Prima di concludere, proviamo a dai un’occhiata a una pratica finale che dovresti evitare – e che sta usando standard out invece di logging.

Mentre il sistema.out () può essere un modo rapido per iniziare molto presto nel ciclo di sviluppo, non è sicuramente una buona pratica da seguire dopo quel punto.

Oltre al fatto che si perdono tutte le potenti funzionalità di un’API di registrazione dedicata, questo svantaggio principale qui è semplicemente il fatto che i dati di registrazione non verranno persistiti da nessuna parte.

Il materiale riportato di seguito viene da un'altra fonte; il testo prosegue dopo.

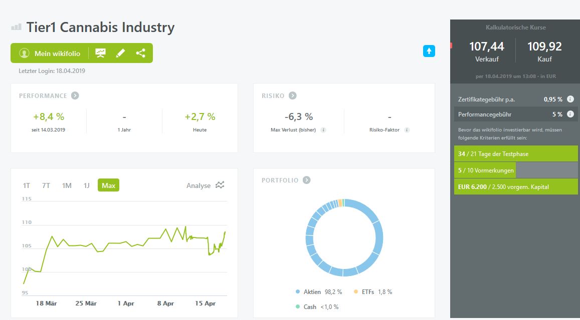 neue Wikifolio werden nur ins Portoflio aufgenommen, wenn es sich um reine Cannabis Wikifolio handelt; d.h. es dürfen vom jeweiligen Trader, im jeweiligen Wikifolio ausschliesslich Cannabis,Hanf,CBD oder im weitesten Sinne mit der Cannabis-Branche verbunde Unternehmen/TItel im Wikifolio gehandelt u./od. eingebucht sein. Pharmawerte eingeschlossen, sofern ein Bezug auf Patente,Studien,Medikamente o.ä. gewährt ist. ((****ZULASSUNG BEANTRAGT**** per heute 26.04.2019))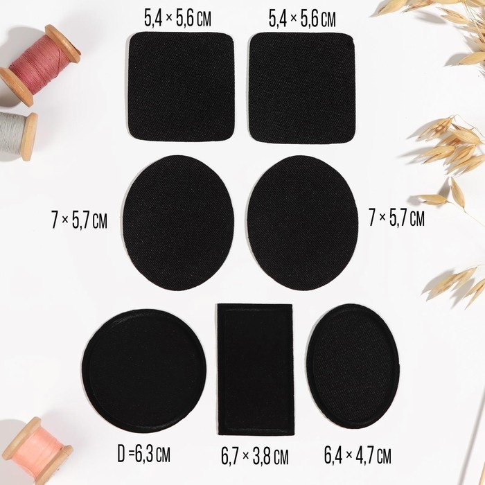 Набор заплаток для одежды, термоклеевые, 7 шт, цвет чёрный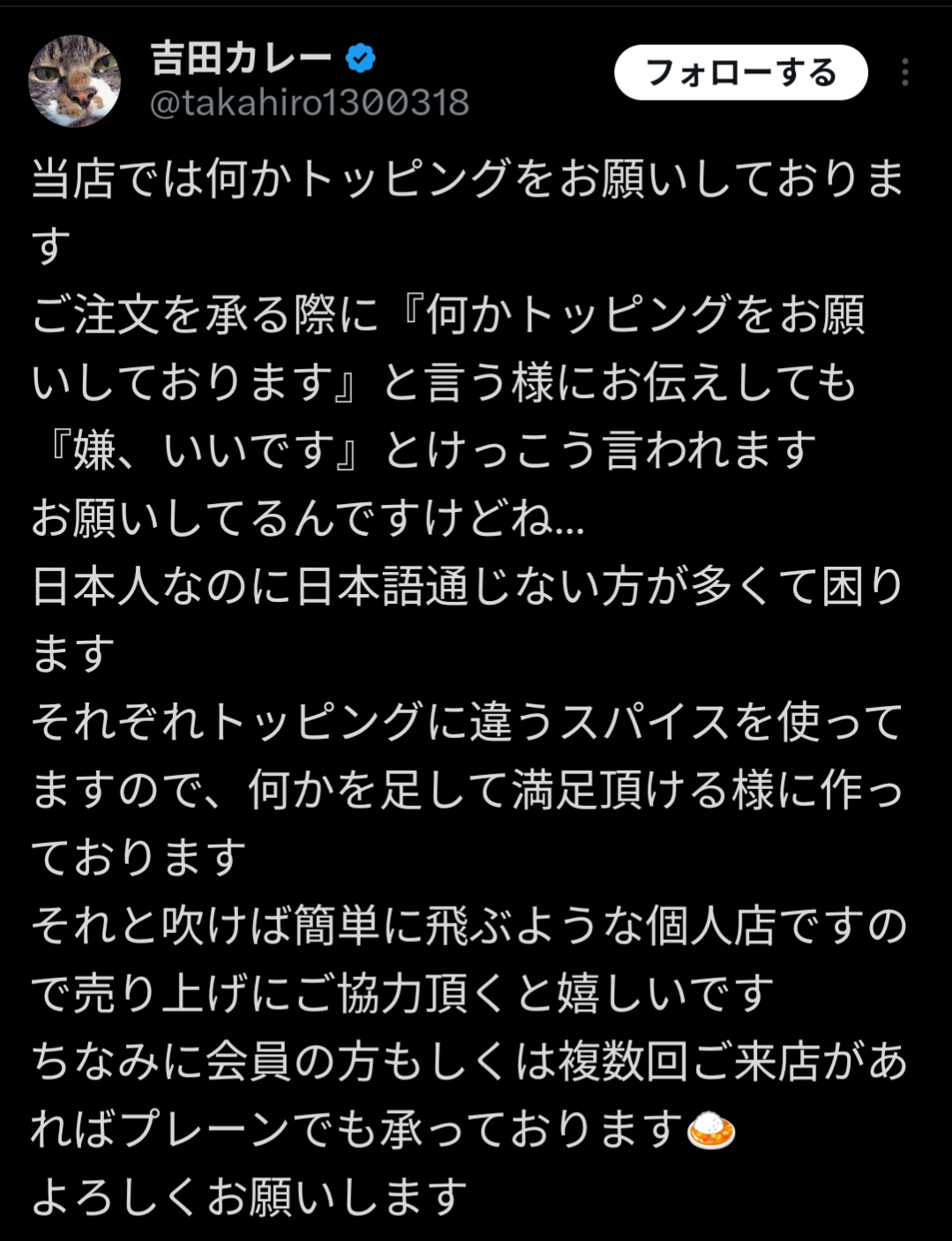 | … | 526/04/30(木)08:23:42No.1425193756+>最初からトッピング込みの値段にすればいいんじゃね? |

Infine, un’altra menzione d’onore è una pratica che può rendere molto più semplice la lettura e l’analisi dei dati di registro – messaggi di registro standardizzati. In poche parole, eventi simili dovrebbero avere messaggi simili nel registro.

Se è necessario cercare tutte le istanze di quel particolare evento o estrarre informazioni significative dai dati di registro, i messaggi di registro standard sono piuttosto importanti.

Could not upload file picture.jpg
File upload picture.jpg failed.

Invece, ogni volta che il caricamento del file non riesce, è necessario utilizzare costantemente uno di questi messaggi per registrare l’errore.

Conclusione

L’uso della registrazione è diventato onnipresente nello sviluppo di applicazioni, a causa delle intuizioni altamente utili e attuabili che porta nel runtime del sistema.

Tuttavia, per ottenere il massimo dai dati di log, è importante andare oltre le basi, sviluppare una cultura della registrazione e comprendere i punti più fini di operare con questi dati su scala e in produzione.

Lascia un commento

Il tuo indirizzo email non sarà pubblicato.